## TASK INSTRUCTIONS
Every record that follows is to be copied exactly, with the pictures omitted.

Data excerpts:
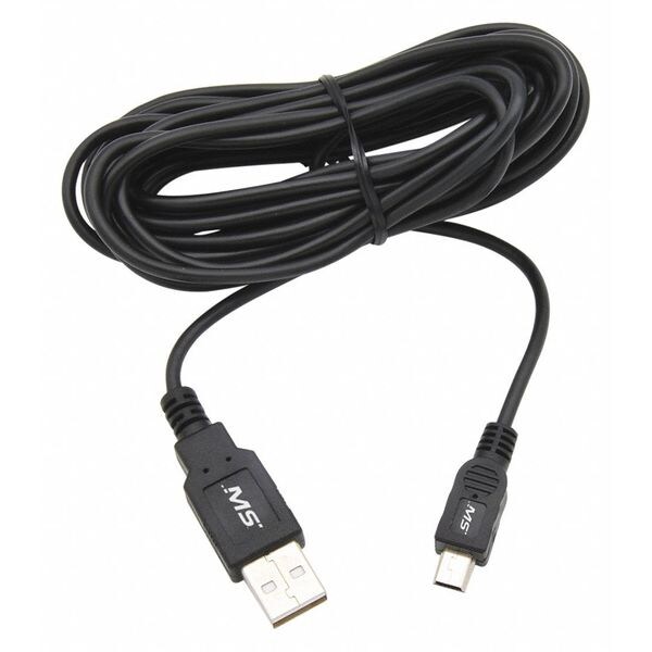 USB Cable, USB Specification 2.0, 12 ft, Color Black, Connector Type A Male to B Mini Male, Mini USB Connector
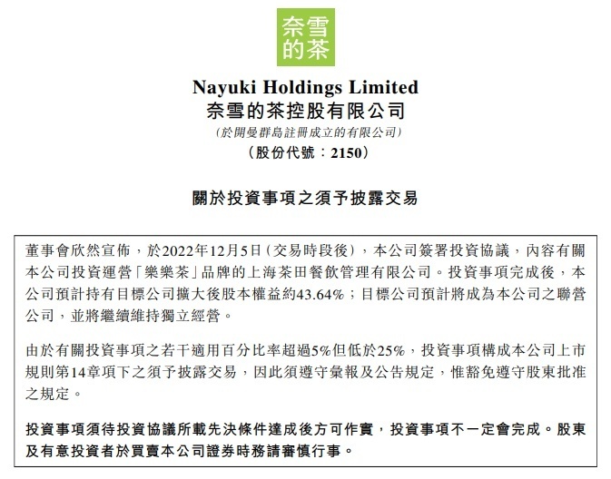 值得一提的是,除投资咖啡品牌“怪物困了”外,2022年12月,奈雪的茶控股有限公司还发布公告称,已签署对乐乐茶主体公司上海茶田餐饮管理有限公司的投资协议,总投资金额5.25亿元。投资事项完成后,奈雪的茶将持有目标公司43.64%股本权益,即奈雪将成为乐乐茶第一大股东。
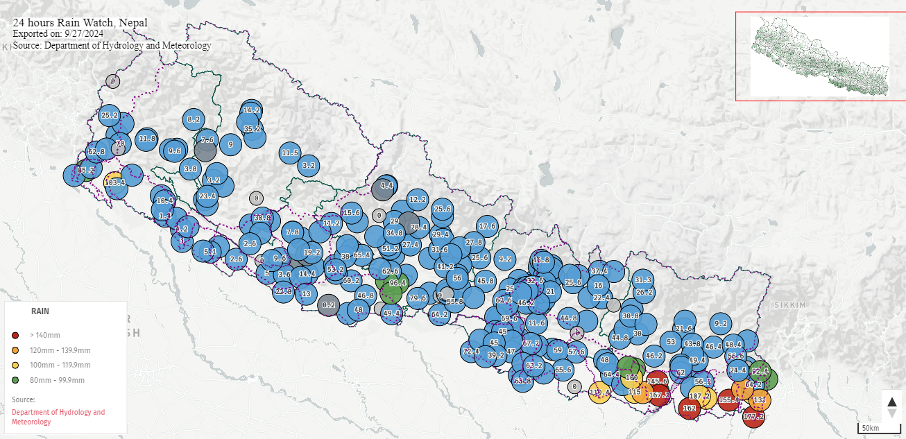 पछिल्लो २४ घन्टामा कोशी प्रदेशका केही स्थानभा भारी वर्षा भएको छ। मधेसका केही भूभागमा पनि भारी वर्षा भएको छ।
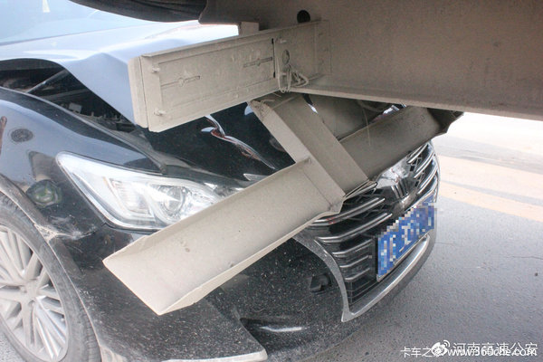 日前,大广高速新乡高速交警接到电话称,大广高速封丘收费站入口处一辆货车与小轿车发生追尾事故。民警到达现场后,发现小轿车的引擎盖被大货车尾部压住已发生损坏。
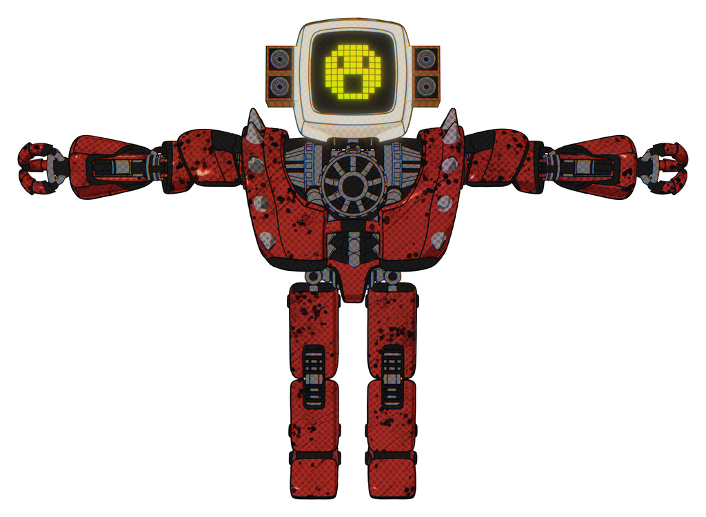 Bot containing old computer monitor and yellow pixel face surprised and old retro speakers and heavy upper chest and heavy mech chest and shoulder spikes and prototype exoplate legs.
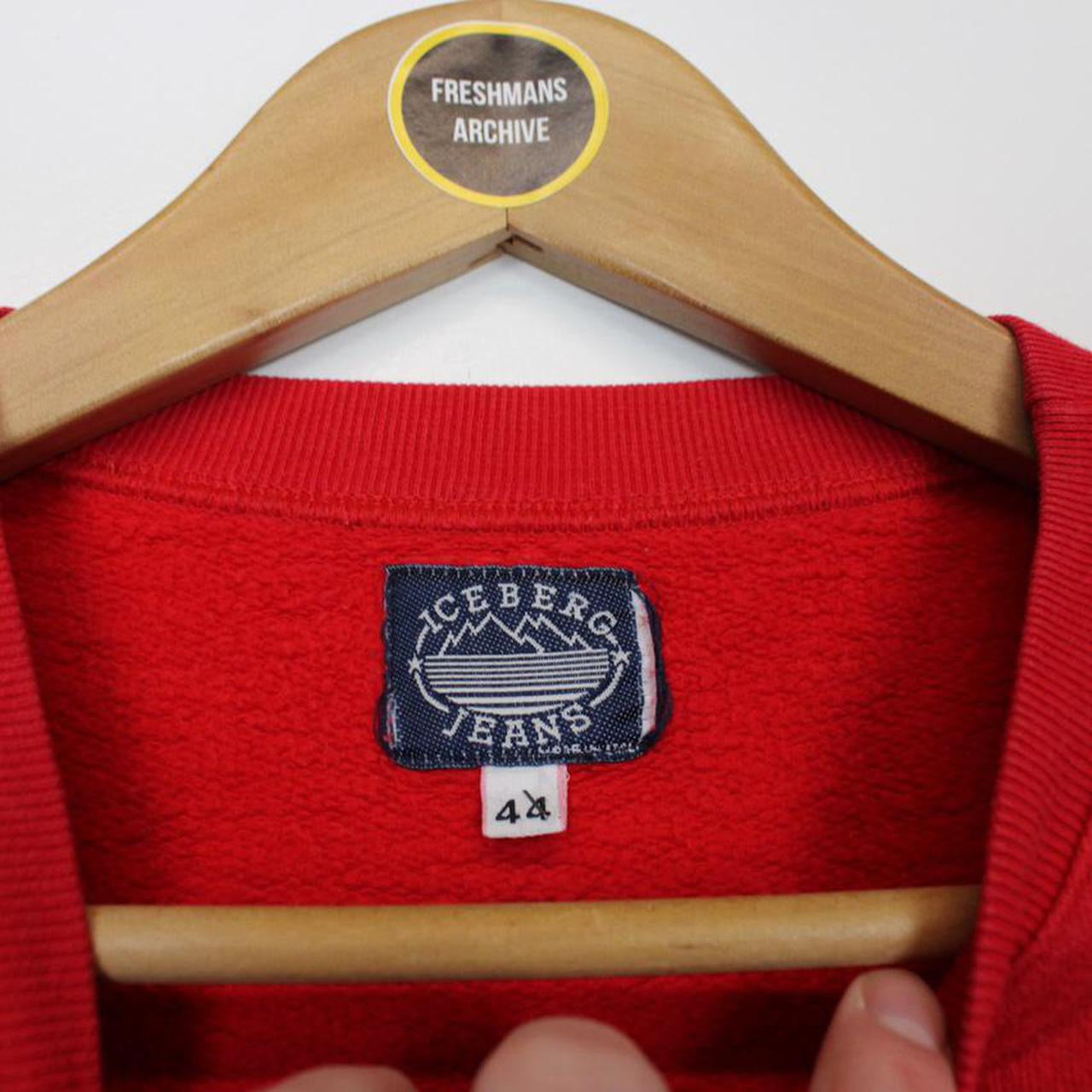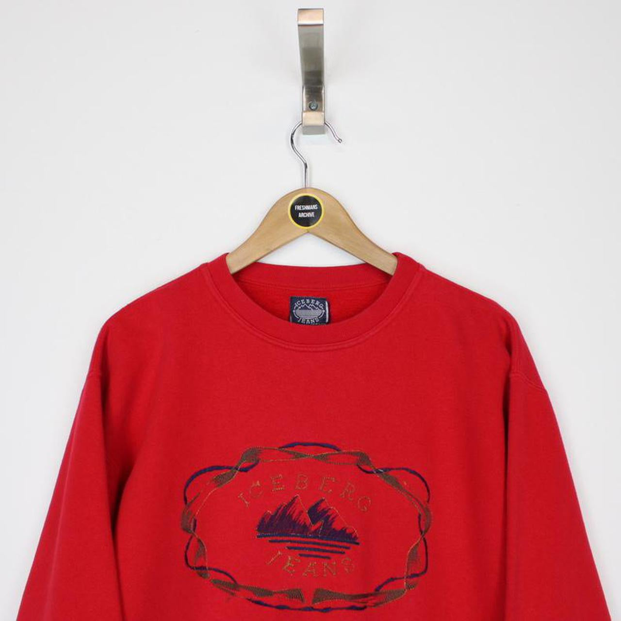 Vintage 90s Iceberg Jeans Red Crew Neck Spellout Sweatshirt
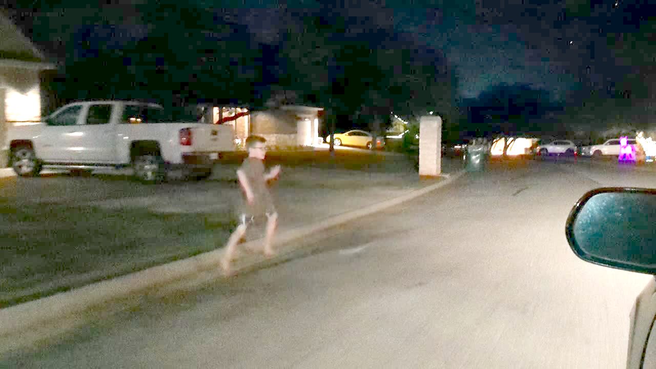 A young boy rings the doorbell outside. A dog runs and pushes the screen off of the screen door into the face of the boy. Security footage.
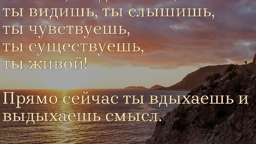 Человек является единственным существом на планете, которому нужен смысл для того, чтобы жить. Животные и растения не нуждаются в смысле. Животные и растения не задаются вопросами о смысле жизни. Птицы встречают пением новый день, цветы распускаются, источая прекрасный аромат, солнце восходит, озаряя светом и теплом землю. Ни птицам, ни цветам, ни солнцу не нужны смыслы, потому что они находятся в тесной взаимосвязи с существованием. Когда существа слиты воедино с существованием, их не интересуют вопросы касательно смысла жизни...
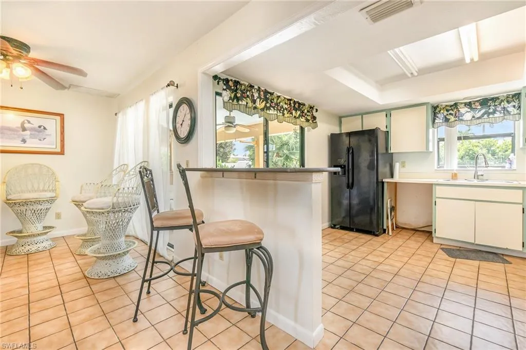 FURNISHED 3 Bedroom, 2 Bathroom, 2 Car Garage, Pool home located in Cape Coral. NO HOA FEES! CLICK ON THE VIRTUAL TOUR LINK 1 FOR THE VIDEO AND VIRTUAL LINK 2 FOR THE 3D TOUR. Seamlessly entertain friends and family with an open living and dining room with large windows and a glass slider for plenty of natural lighting. The kitchen has ample counter space, a breakfast bar for casual dining and a glass slider to the lanai. A spacious master suite has a glass slider to the side yard and a private bathroom with a large walk-in closet, a single sink vanity, a walk-in shower and access to the lanai. The guest bedrooms are on a split floor plan, providing plenty of privacy, with built-in closets and a shared guest bathroom nearby. A private oasis awaits on the lanai where you can take a dip in the pool, soak up the sun on the pool deck, or unwind with a drink at the tiki bar—all surrounded by a spacious backyard with room to add a garden or expand your outdoor entertaining area. Located close to local shopping & boutiques, fine & casual dining, LIVE entertainment, and a short car ride to award-winning beaches! Schedule your showing TODAY!
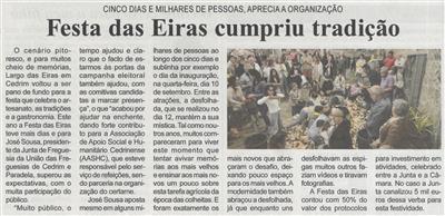 Festa das Eiras cumpriu tradição : cinco dias e milhares de pessoas, aprecia a organização / Beira Vouga
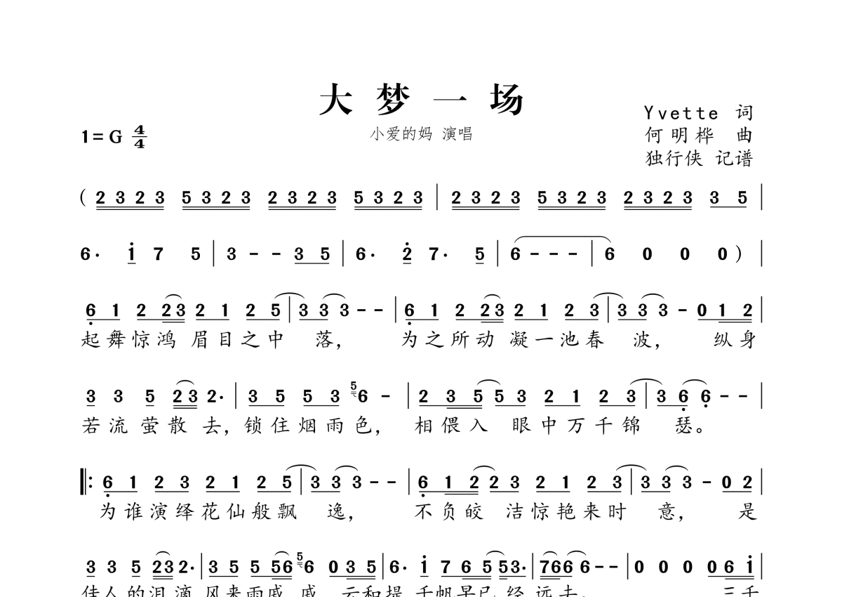 《大梦一场》是小爱的妈演唱的一首歌曲,拍号为4/4拍,这份简谱共有一张高清图谱,图谱由 @独行侠 编配上传。
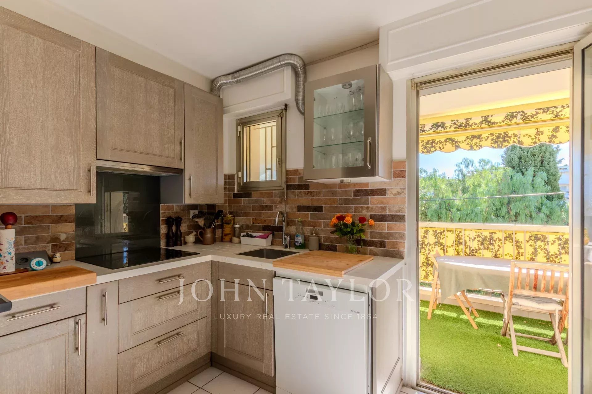 The apartment comprises a large entrance hall with cupboards, an equipped kitchen, a living room with dining area, all opening onto an east and south facing terrace.
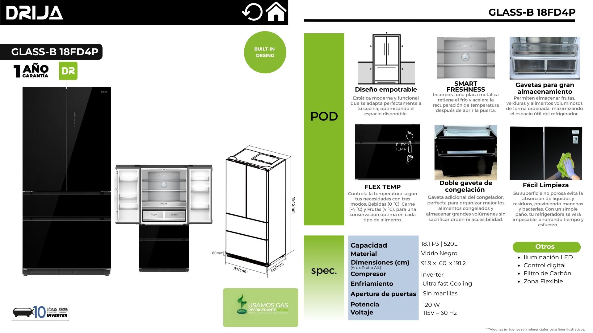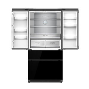El refrigerador GLASS-B 18FD4P combina un diseño empotrable con acabado en vidrio negro para lograr una instalación limpia y elegante en cocinas modernas y minimalistas. Integra compresor Inverter para un funcionamiento más estable y eficiente, y un sistema Ultra Fast Cooling que acelera el enfriamiento para conservar mejor bebidas y alimentos. Su distribución interna prioriza el orden con gavetas de gran almacenamiento y una doble gaveta de congelación, ideal para clasificar congelados sin sacrificar acceso. Además, su superficie facilita la limpieza diaria, manteniendo el equipo impecable por más tiempo.
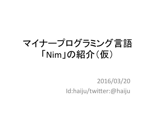 version 0.11.2以上が必要 nawak: (h4ps://github.com/idlewan/nawak) A web micro-framework in Nimrod, heavily inspired by jester, flask and the like. awesome-nim: (h4ps://github.com/VPashkov/awesome-nim) に載っているものをチェックしておけばだいたい・・・ バージョンが上がるごとにメンテされなくなって、動かなくなるア プリやライブラリが増える
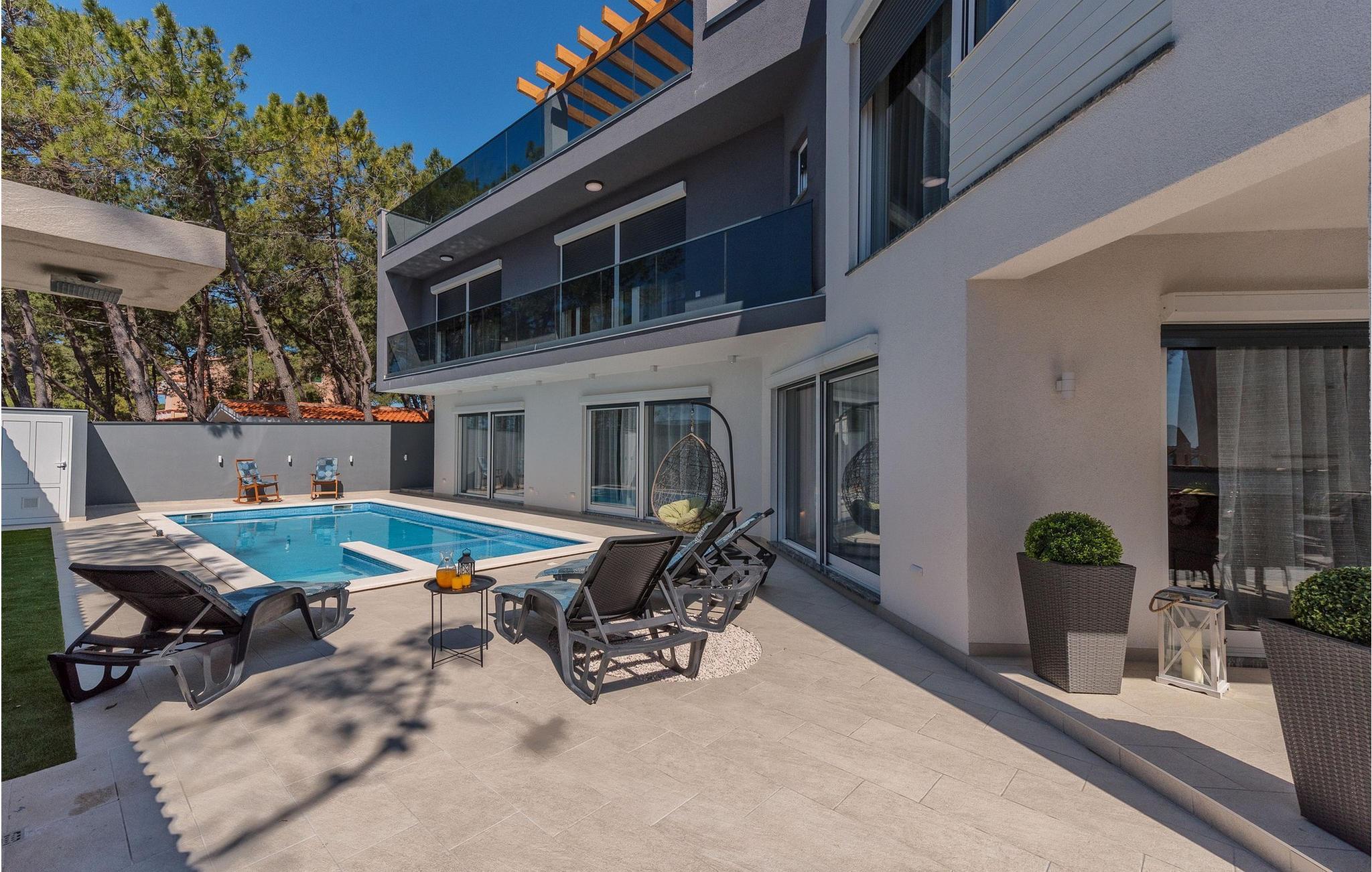 I Villa Karlos uteområde smelter avslapping og middelhavsstil sammen til en unik ferieopplevelse. Ta en dukkert i det elegante bassenget, nyt solen på de komfortable solsengene eller nyt en forfriskende drink i skyggen av det moderne loungeområdet. Nyt uforglemmelige solnedganger mens dere spiser middag sammen på den romslige terrassen med utsikt over havet. Den lille lekeplassen i hagen gir de yngste gjestene gode stunder, mens de voksne kan nyte freden og privatlivet på dette stilfulle stedet.

## TASK RESULT
 USB Cable, USB Specification 2.0, 12 ft, Color Black, Connector Type A Male to B Mini Male, Mini USB Connector
 值得一提的是,除投资咖啡品牌“怪物困了”外,2022年12月,奈雪的茶控股有限公司还发布公告称,已签署对乐乐茶主体公司上海茶田餐饮管理有限公司的投资协议,总投资金额5.25亿元。投资事项完成后,奈雪的茶将持有目标公司43.64%股本权益,即奈雪将成为乐乐茶第一大股东。
 पछिल्लो २४ घन्टामा कोशी प्रदेशका केही स्थानभा भारी वर्षा भएको छ। मधेसका केही भूभागमा पनि भारी वर्षा भएको छ।
 日前,大广高速新乡高速交警接到电话称,大广高速封丘收费站入口处一辆货车与小轿车发生追尾事故。民警到达现场后,发现小轿车的引擎盖被大货车尾部压住已发生损坏。
 Bot containing old computer monitor and yellow pixel face surprised and old retro speakers and heavy upper chest and heavy mech chest and shoulder spikes and prototype exoplate legs.
 Vintage 90s Iceberg Jeans Red Crew Neck Spellout Sweatshirt
 A young boy rings the doorbell outside. A dog runs and pushes the screen off of the screen door into the face of the boy. Security footage.
 Человек является единственным существом на планете, которому нужен смысл для того, чтобы жить. Животные и растения не нуждаются в смысле. Животные и растения не задаются вопросами о смысле жизни. Птицы встречают пением новый день, цветы распускаются, источая прекрасный аромат, солнце восходит, озаряя светом и теплом землю. Ни птицам, ни цветам, ни солнцу не нужны смыслы, потому что они находятся в тесной взаимосвязи с существованием. Когда существа слиты воедино с существованием, их не интересуют вопросы касательно смысла жизни...
 FURNISHED 3 Bedroom, 2 Bathroom, 2 Car Garage, Pool home located in Cape Coral. NO HOA FEES! CLICK ON THE VIRTUAL TOUR LINK 1 FOR THE VIDEO AND VIRTUAL LINK 2 FOR THE 3D TOUR. Seamlessly entertain friends and family with an open living and dining room with large windows and a glass slider for plenty of natural lighting. The kitchen has ample counter space, a breakfast bar for casual dining and a glass slider to the lanai. A spacious master suite has a glass slider to the side yard and a private bathroom with a large walk-in closet, a single sink vanity, a walk-in shower and access to the lanai. The guest bedrooms are on a split floor plan, providing plenty of privacy, with built-in closets and a shared guest bathroom nearby. A private oasis awaits on the lanai where you can take a dip in the pool, soak up the sun on the pool deck, or unwind with a drink at the tiki bar—all surrounded by a spacious backyard with room to add a garden or expand your outdoor entertaining area. Located close to local shopping & boutiques, fine & casual dining, LIVE entertainment, and a short car ride to award-winning beaches! Schedule your showing TODAY!
 Festa das Eiras cumpriu tradição : cinco dias e milhares de pessoas, aprecia a organização / Beira Vouga
 《大梦一场》是小爱的妈演唱的一首歌曲,拍号为4/4拍,这份简谱共有一张高清图谱,图谱由 @独行侠 编配上传。
 The apartment comprises a large entrance hall with cupboards, an equipped kitchen, a living room with dining area, all opening onto an east and south facing terrace.
El refrigerador GLASS-B 18FD4P combina un diseño empotrable con acabado en vidrio negro para lograr una instalación limpia y elegante en cocinas modernas y minimalistas. Integra compresor Inverter para un funcionamiento más estable y eficiente, y un sistema Ultra Fast Cooling que acelera el enfriamiento para conservar mejor bebidas y alimentos. Su distribución interna prioriza el orden con gavetas de gran almacenamiento y una doble gaveta de congelación, ideal para clasificar congelados sin sacrificar acceso. Además, su superficie facilita la limpieza diaria, manteniendo el equipo impecable por más tiempo.
 version 0.11.2以上が必要 nawak: (h4ps://github.com/idlewan/nawak) A web micro-framework in Nimrod, heavily inspired by jester, flask and the like. awesome-nim: (h4ps://github.com/VPashkov/awesome-nim) に載っているものをチェックしておけばだいたい・・・ バージョンが上がるごとにメンテされなくなって、動かなくなるア プリやライブラリが増える
 I Villa Karlos uteområde smelter avslapping og middelhavsstil sammen til en unik ferieopplevelse. Ta en dukkert i det elegante bassenget, nyt solen på de komfortable solsengene eller nyt en forfriskende drink i skyggen av det moderne loungeområdet. Nyt uforglemmelige solnedganger mens dere spiser middag sammen på den romslige terrassen med utsikt over havet. Den lille lekeplassen i hagen gir de yngste gjestene gode stunder, mens de voksne kan nyte freden og privatlivet på dette stilfulle stedet.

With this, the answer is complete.